Antonio Pecchia is pictured here "in true character form," writes his daughter.


577-1546 is the phone number we have lived with for over 51 years. Nov. 30, 2017, on what would have been my father’s 91st birthday, the phone was cut off.

My brother, Tony, and my sister, Julie, the only members left in our family circle of three that once was seven, are mourning this disconnection.

We have called that number over and over again for almost our whole lives. We jumped for joy when my mother Rosa would answer with her musical lyrical accented voice and my father Antonio’s deep Italian intense bass toned with “alo” quickly followed by “whosathis?”

We cried and mourned together when my brother Tony called from the same number to inform us of our brother Mike’s death and a few years later of our mother’s passing.

We used the same phone to inform loved ones of our engagements, births, moves, sorrows and joys.

When my parents moved out to Rosslyn Road, the phone was my mother’s lifeline to the rest of the world, especially to my sister and I who have lived most of our lives away from Thunder Bay.

This same phone was used to call our family members and our friends to inform them of our brother Dean’s passing last year and most recently of our precious old papa Antonio this past June.

My parents were young immigrants, my mother three months pregnant, accompanied by me a toddler when they made the brave choice to move to Canada from their beloved country of Italy. Although they struggled with learning the English language (and eventually mastered it but not so much the accents) one of the first signs that there were going to be deeply rooted in this country was their phone number. They have only moved twice since being assigned 577-1546 but for over 51 years that number has been part of our heritage, part of the dash that will be remembered when we pass away from this earth.

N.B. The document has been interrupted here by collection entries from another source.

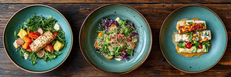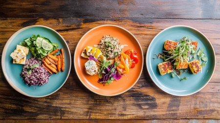 Enjoy a delightful meal showcasing colorful plant-based dishes with quinoa, tofu, and fresh vegetables on a rustic wooden table.
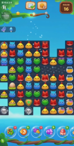 关卡的后期会出现一对黄色的染色宝宝,这对染色球是过关的利器,但使用的时机非常关键。千万不要在它们一跳动就急急忙忙交换,那可能会浪费掉它们的大范围收集效果。最理想的时机是等到小黄鸡的收集任务快要完成,比如只剩下二十多只的时候再进行交换。这时交换染色球,它们会把你指定的一种颜色全部变成小黄鸡,通常能一次性收集完剩余的所有数量,直接完成任务。如果交换得太早,可能收集不到足够数量,后面步数就不够了,所以耐心等待最佳时机是三星过关的重要一环。
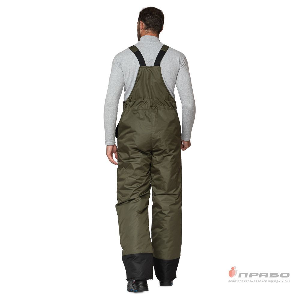 Полукомбинезон прямой, утепленный, стеганный, с притачной утеплённой подкладкой, с цельнокроеной грудкой и спинкой, с центральной застёжкой на 2-х замковую тесьму - "молнию" и ветрозащитным клапаном, с регулируемыми бретелями.

When my father, a widower, had a stroke and was left alone, the phone was his companion. Those who worked with him would call him ahead of time to tell him they were on their way. Even when my father lost most of his hearing he could still hear when the phone rang. He always anticipated that someone who cared about him would be on the other line. And he was right. Most of the time.

Occasionally telemarketers would call only to hang up when dad would say, “I don’t understand what you are saying,” or “when are you going to get here?”

Before his stroke, dad called me every week when my husband and I lived in Edmonton and each time urged me to “please come home.” After months of his pleading phone calls I stopped to think about my work that included the elderly I finally came to realize that my old precious father needed me more and at “home.” Thus both my husband and I left well-paid permanent positions to tend to him. It is deeply ingrained in me “to honour thy father and mother.”

A few months after our arrival dad had a stroke. He nearly died as I was holding his hand but my cry of “please don’t go dad” kept him here for a few more years.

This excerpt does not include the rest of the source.